3. Most of the contradictions of the Gospels are superficial. They are natural when you have multiple witnesses recalling something from years ago. The Church never said the Gospels can be completely reconciled in this sense: the Gospels were truly inspired, but that doesn't mean the Holy Spirit dictated them letter by letter. Saint John Chrysostom said we rather take these contradictions as evidence that the authors were not colluding or using a common written source. However, in all major issues, of doctrine and things that would not just be due to different witnesses, you'll find there is a pretty solid Patristic explanation of every one.
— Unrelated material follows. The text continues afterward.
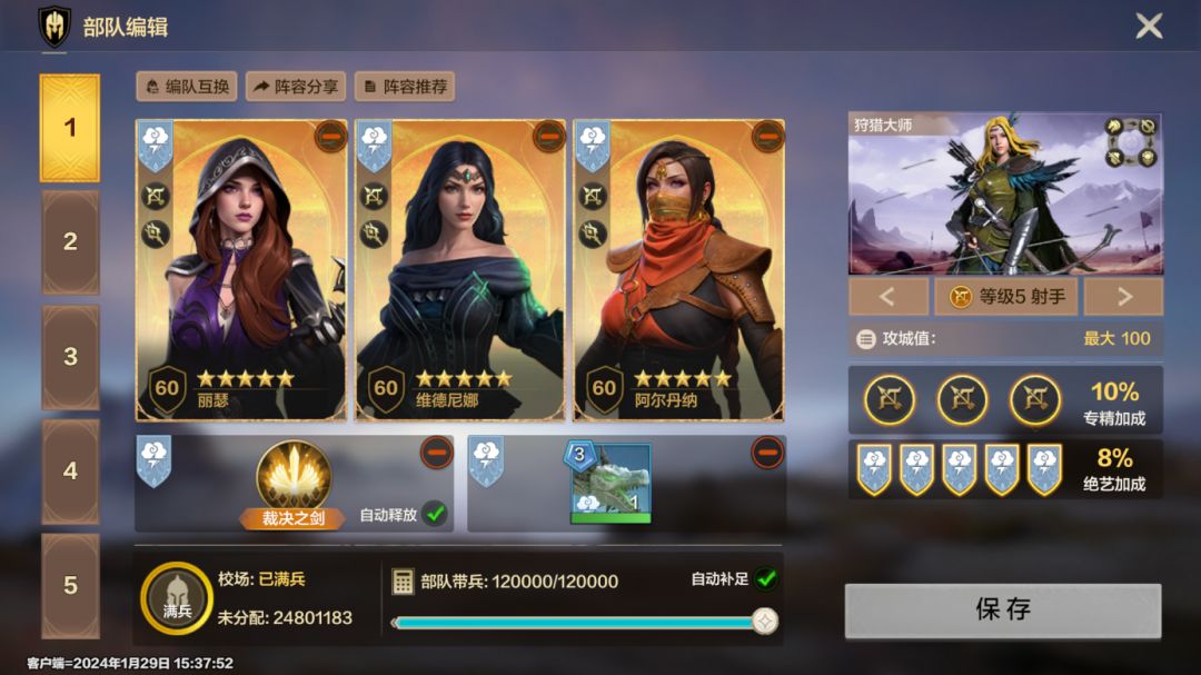 - 进阶阵容,可获得全额兵种和绝艺属性增幅,丽瑟可以通过首充或直购获取,维德尼娜可以用艾德里得替换,较为容易构建。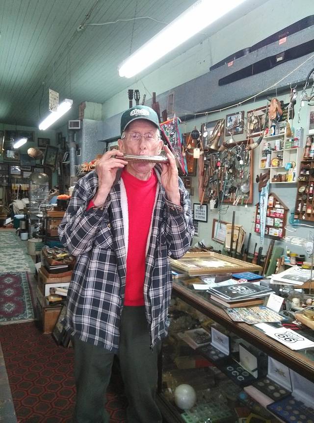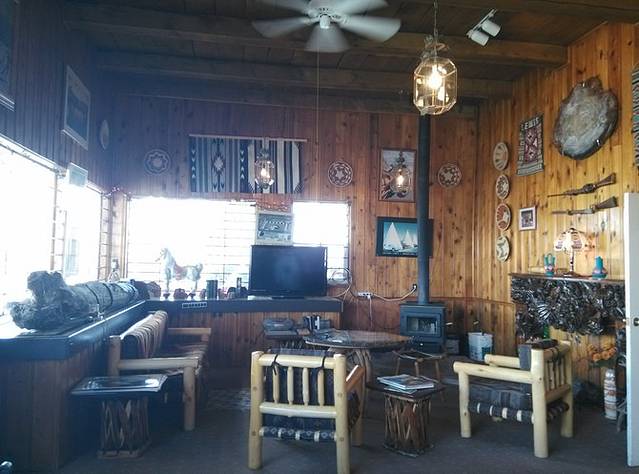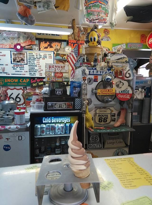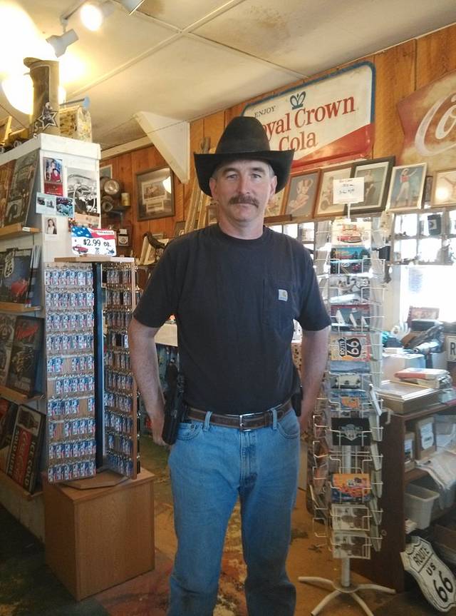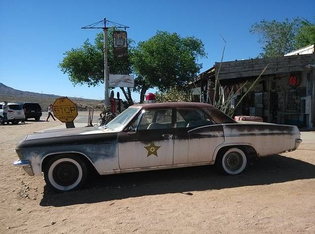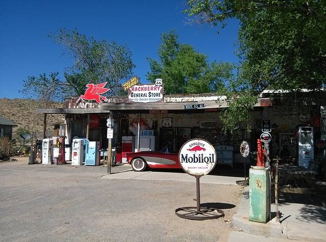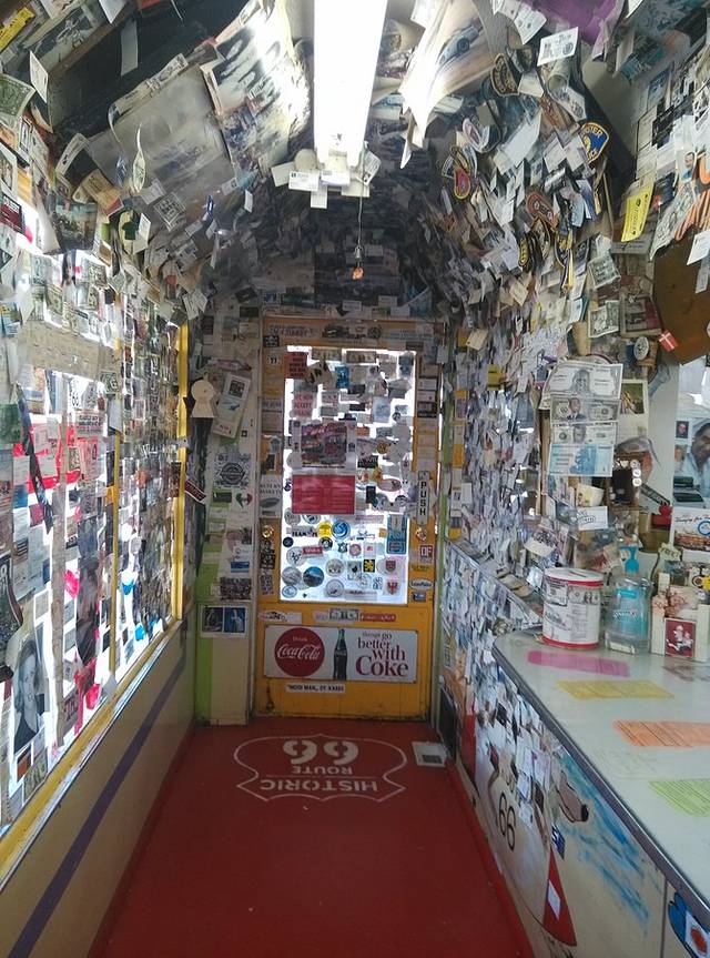 从赛利格曼到金曼,是66号公路保存最完整的一段,140公里。有些山路转弯,小case,车很少很少,非常好跑,经常保持在一百一二的超速状态。大概离金曼还有44公里的地方,荒郊野地突然出现这么一家店,名字叫hackberry。我一下就开过去了,一晃看到很多车停在那里,果断调头回来,事实证明回来的很正确!这家经常出现在66号公路的明信片里。依旧各种老物件,店主是个挎枪卖货的男人,很西部的感觉。我问他枪是真的吗?(问完觉得这个问题真够傻的)回答:是的。我又问你是警察,回答:曾经是。

4. The Trinity is three distinct existences sharing one essence. In Orthodoxy, essence simply means qualities common to a class. Catholics, by contrast, being influenced by Platonism, see essence as a sort of Platonic form, and identify it with God's existence; his persons are not, to Catholics, distinct existences, but simply the essence of God relating to himself. The Orthodox do not see essence as existing on its own, but being preceeded by existence. So this questions, whether or not the Trinity is is crypto-polytheism, is a good one (since three humans also share one essence in Orthodoxy). The answer is that God is not only one in essence, but also in energies, which means things like activity and will. The Son does not have his own energies, but has only the Father's (John 5:19). Humans can of course also participate in God's energies, which is called Theosis, but they cannot participate in his essence.
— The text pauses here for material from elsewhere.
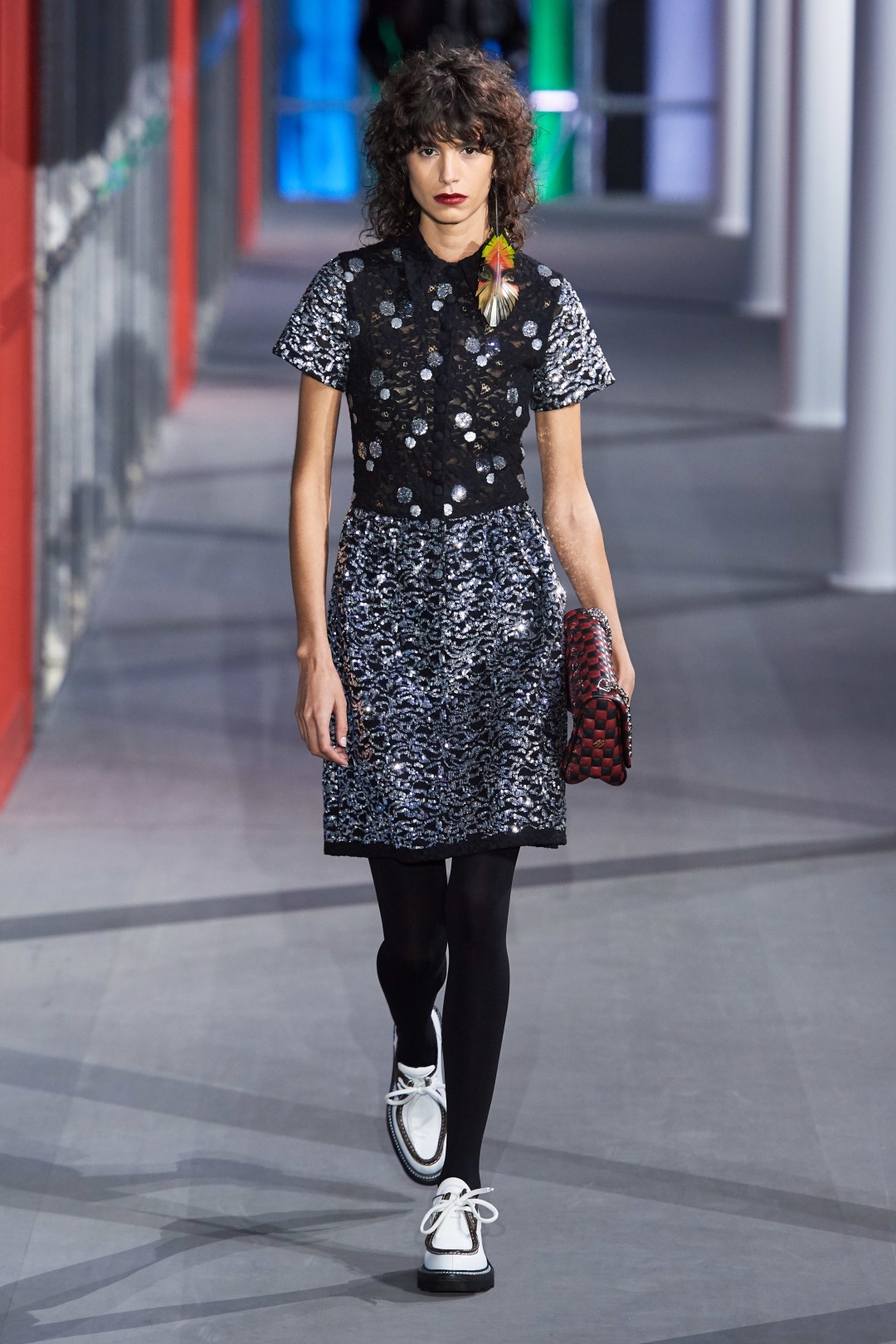 В Лувре прошел показ осенне-зимней коллекции Louis Vuitton, закрывший парижскую Неделю моды. Как объяснил креативный директор бренда Николя Гескьер, идея шоу — воссоздать «племена» и «субкультуры», разделявшие людей до того, как Instagram заставил всех выглядеть одинаково. Дизайнер продолжил добавлять к классическим вещам Louis Vuitton с монограммой индивидуальные, экстравагантные и вариативные элементы — будь то моносерьга в форме папоротника, плавательная шапочка из кожи или ремень с портретом в поп-арт стилистике.

5. First, let us use a simple definition of idolatry: ascribing divinity to a thing. Do Orthodox do that? No, but we do ascribe holiness to matter, and in fact this was the major philosophical point in the Seventh Ecumenical Council: can matter be holy? And it was believed that after God became material, in the incarnation, matter can very much be called holy, and to say otherwise is heresy against the incarnation. The Orthodox do not use statues, because the word in Hebrew and in Greek translated as "graven image" in English, is actually quite distinct from the term "image" in both languages: a more accurate rendering would be "form" (it is the same word Plato uses, "eidos," which is where "eidolos," idol, comes from). We have understood this to mean a replication (which statues are, but icons are not). Icons also serve a very practical purpose: we don't picture images in our head when we pray, like Western Christians do, because we see that as very easily leading to idolatry: you can end up ascribing divinity to the image in your head and falling into delusion. So you are supposed to either not picture anything, or use an icon.

Great thread. Thanks for posting

Why did you change your trip? Was it because of this?

My pleasure

No, but I'll admit that is annoying

So torturing somebody indefinitely is in fact God's love and him not having human emotions explain why he allows countless of humans to suffer, i have learned something new today.

It's God's radiance; it is love to those who harmonize with it, and wrath to those who don't. This radiance is the fountain of all being, it permeates and sustains all creation, though we cannot see it without cleaning the reflection of God that we are. As Dostoevsky said, we are already in heaven, we just haven't realized it yet.

> Most of the contradictions of the Gospels are superficial.
Yeah, like what day Jesus was crucified on! And before you even go into the historical impact of such a scene, let's not forget how John tries to make it clear that Jesus is being crucified at the same time the lambs are being slaughtered as the paschal sacrifice to set up that connection, while the Synoptic Gospels just pass it by.

The Day starts with evening in both Judaism and Orthodox liturgical practices. So the mystical supper is the date of the crucifixion

>I haven't read the Gospels
Christians are pathetic. Yes, we know that "It was evening and it was morning", depicting a calendar that starts days in the evening. But Mark, Luke, and Matthew all agree that the "Mystical supper" as you want to call it, was sacrificed earlier in the afternoon, and eaten on that dinner, with the crucifixion happening the next morning. (Luke 22:7, Mark 14:12, Matthew 26:17). John is equally clear that by the time of being brought before Pilate (after the supper, after Gethsemane, after the arrest, etc), they still haven't brought the offering, since the priests are worried about potential purity issues disqualifying them from bringing and eating it (John 18:28).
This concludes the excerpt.